The savvy, veteran Tom is weirdly relaxed about the intense manhunt spanning several countries for the culprit behind the nuclear explosion. He’s also unaware that a reporter (Nina Toussaint-White) has blown his cover and that Iran, the Taliban and a Pakistani assassin (Ali Fazal) are all on his trail.

Screenwriter Mitchell LaFortune, who served several tours of duty in the Middle East for the Defense Intelligence Agency, is careful to set up his premise with plenty of insider details — so many that the movie takes 45 minutes of exposition just to get started. LaFortune’s commitment to depicting multiple sides of view of the same story is commendable. But his skill at intertwining his veteran knowledge with dramatic vigor is not.

That daunting info dump proves to be unnecessary, since “Kandahar” gradually devolves into a run-for-the-border chase picture, with Tom and Mo — the translator who has his own beef with the Taliban — racing to catch a plane out of Afghanistan and avoid multiple killers.

“Plane,” coincidentally, was the title of Butler’s previous film, released in January, a fun B-movie with no delusions of grandeur and a flair for preposterous hijinks. In that one, Butler embraced his inner Liam- Neeson-in-action-mode spirit, the approach that has served him best after “300.”

In “Kandahar,” though, Butler is aiming for something deeper. The movie marks the third collaboration between the actor and director Ric Roman Waugh (after “Angel Has Fallen” and “Greenland”) but this one takes itself a lot more seriously than the previous films, and one of those depicted the end of the world.

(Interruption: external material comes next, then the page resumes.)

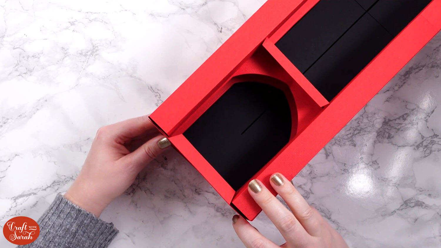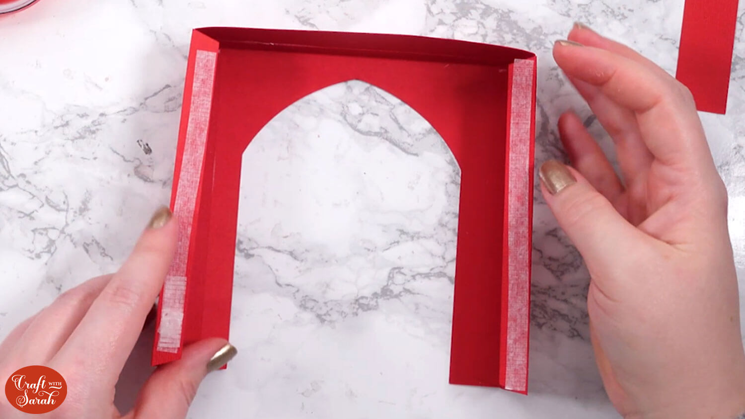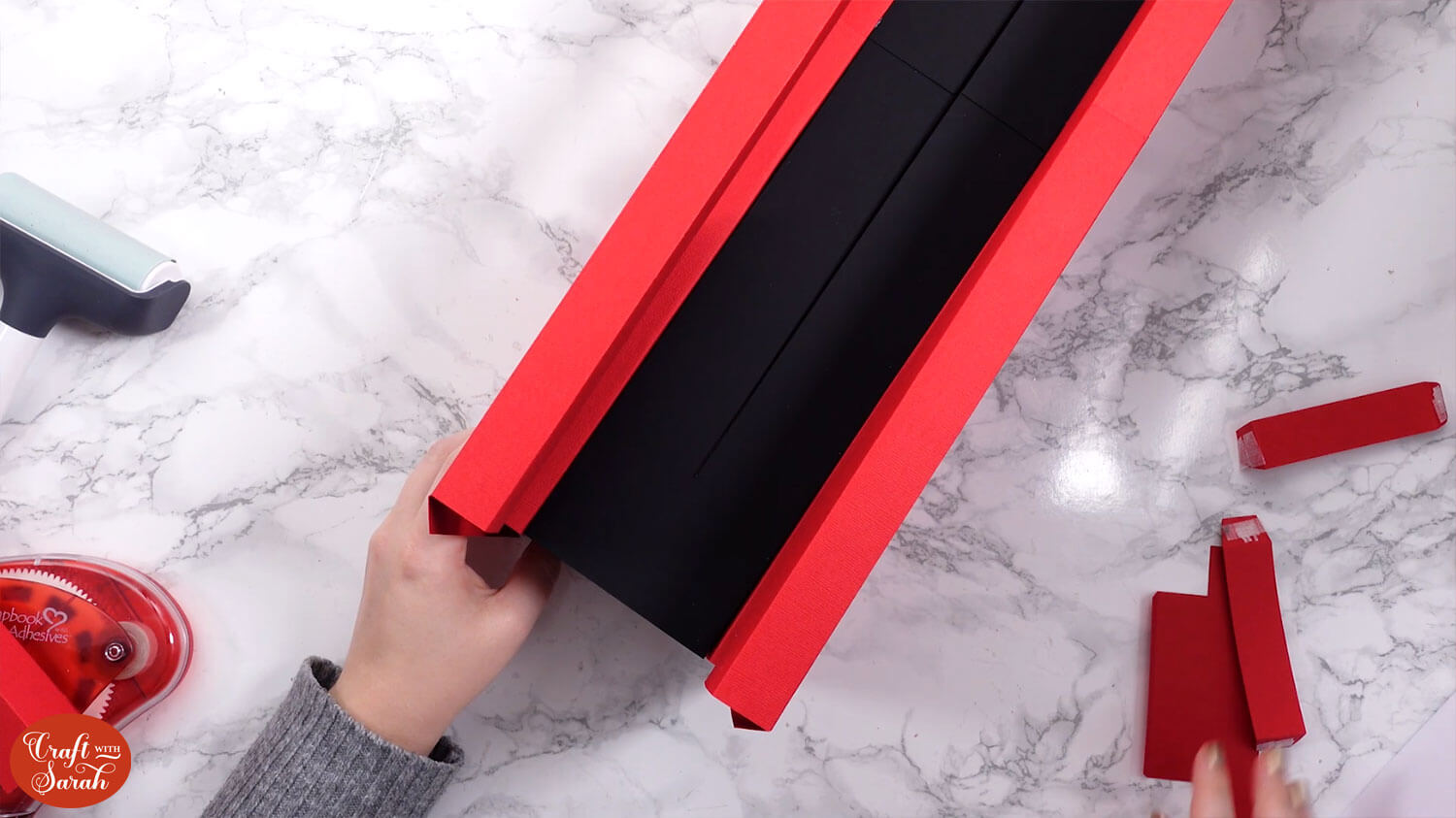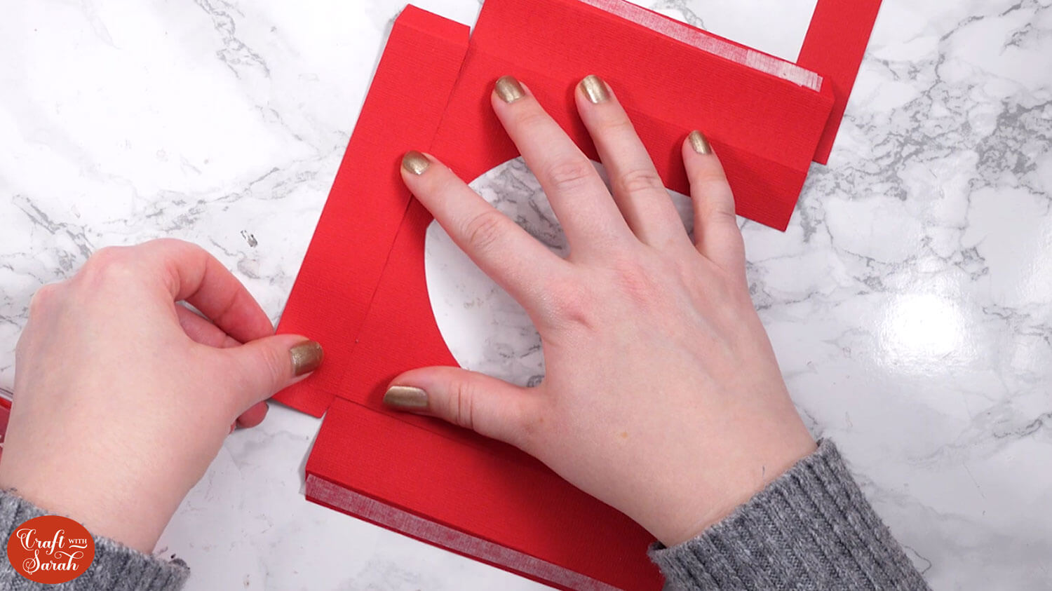 Use double-sided tape or glue to attach the “tab” end of the central section to the inside of the opposite side, to turn it into a box shape.

“Kandahar” wants to be “Syriana” with car chases, but it only achieves the latter, and you’ve seen them done better. The movie’s attempt to give voice to the ordinary people of Middle Eastern and Asian countries involved is admirable. But it’s all at the service of a film that, for all its surface complexity, has characters who spout lines such as “This is bigger than Snowden and Wikileaks combined!” There’s no point in explaining things loud enough for the people in the back row when they’re all asleep.